The only difference is—moral guilt never leaves you and grows worse with the years. But there are so many tragic sadnesses in life that they have a way of merging into one big, onrushing stream and when you measure that stream against a brighter one, the joy-stream, the scales seem to stay just about even, with the balance maybe just a little heavier on the joyful side.

Right at the moment there was another big, onrushing stream running parallel with the sadness. The sober-obligation stream. Or maybe duty-stream would be a better name for it. We spend at least a third of our lives immersed in it up to our necks and swimming against the toughest kind of currents. Sometimes I think we could do without it entirely.

What was it Baudelaire said about boredom? "But well you know that dainty monster, thou, hypocrite reader, fellow man, my brother." You could practically say the same thing about duty.

But the stream is there, and if you just stay on the bank watching the other swimmers you won't really have the right to plunge into the joy-stream with a clear conscience.

The first thing I had to do was get her out of the Chart Room before she collapsed. She was close to hysteria and I didn't even want her to look at the body again. I was careful to stand between her and the robot, and when I guided her gently toward the door I kept my hand on the back of her head and kept her face pressed to my chest.

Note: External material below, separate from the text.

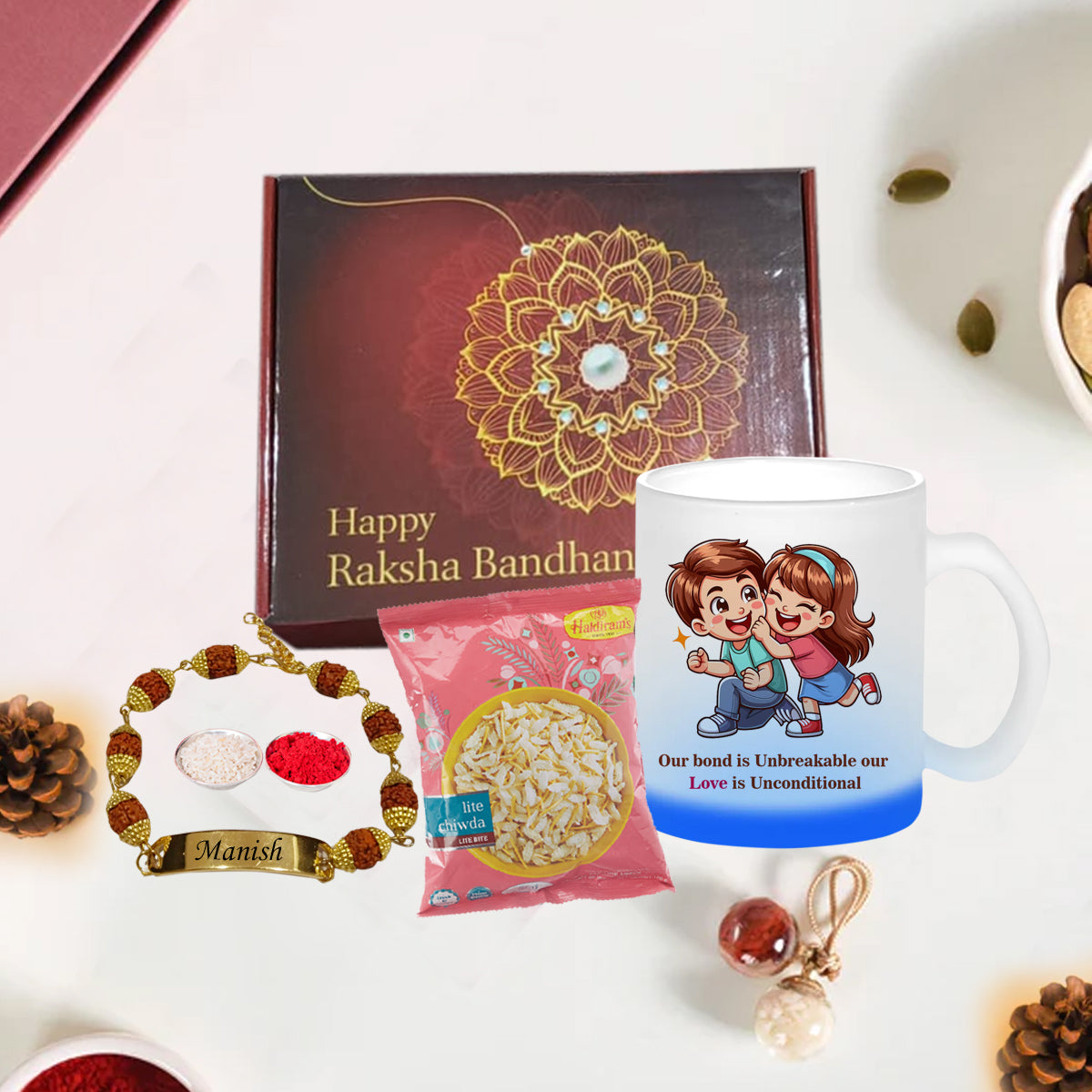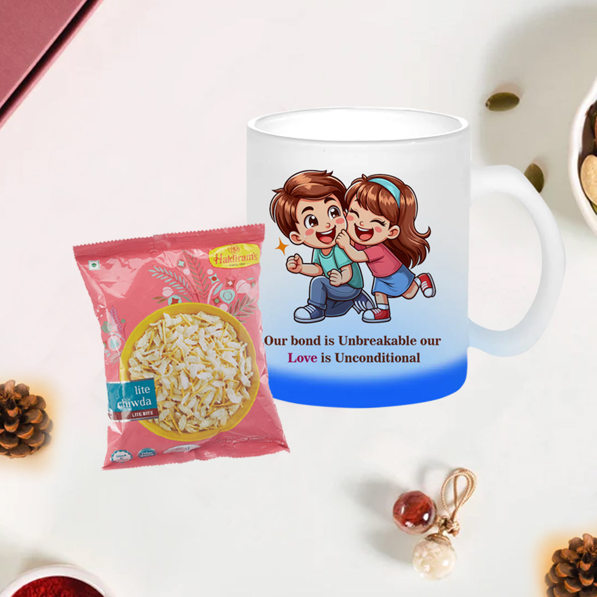 - The combo set for the Rakhi hamper includes a Haldiram Salty Diet chivda Coffee Mug Make Specials For your Brother & Sister Also
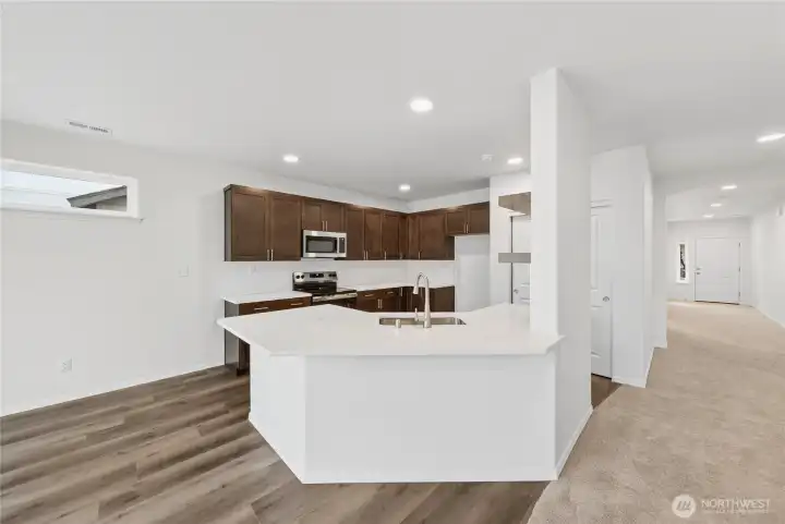 The 1574 square foot Hudson is an efficiently-designed, mid-sized single level home offering both space and comfort. The open kitchen is a chef’s dream, with counter space galore, plenty of cupboard storage and a breakfast bar. The expansive living room and adjoining dining area complete this eating and entertainment space. The spacious and private main suite boasts a dual vanity bathroom, optional separate shower and an enormous closet. The other two sizeable bedrooms, one of which may be converted into a den or office, share the second bathroom and round out this well-planned home.

It was more difficult than it would have looked on a cinema screen—more awkward and less romantic, and that was the way I wanted it to be, because nothing could have been further from my mind at that moment than the romantic glow I'd felt when I had been sitting across a table from her in a lakeside tavern on Earth, and hadn't fully realized that Joan was still the only really important woman in my life.

Oh, all right. You can't have a head that beautiful nestling in the middle of your chest without feeling a certain ... well, a quickening of your pulse, at least. It can happen even in the presence of death, when you've just been shaken to the depths in a ghastly way. Perhaps because of that....

Sex and death. Don't be morbid, Ralphie boy. Don't turn the clock back and let the old Freudian catch-alls of a century ago confuse and mislead you. Half of all that has been made clearer because we know now what Man was like five million years ago when he was a very predatory ape.

Sure, sex and death are closely linked. Dawn man went hunting and slew a cave bear and threw it down before his mate, all bloody, with pride swelling in him and just the excitement of the hunt, the thrill and danger of it, made him want to make love in just as exciting a way.

But sex and life are even more closely linked, and in life there are loyalties to consider and one woman becomes more important to you than all the rest and you don't need that kind of stimulation to enable you to make love to her in the most exciting possible way.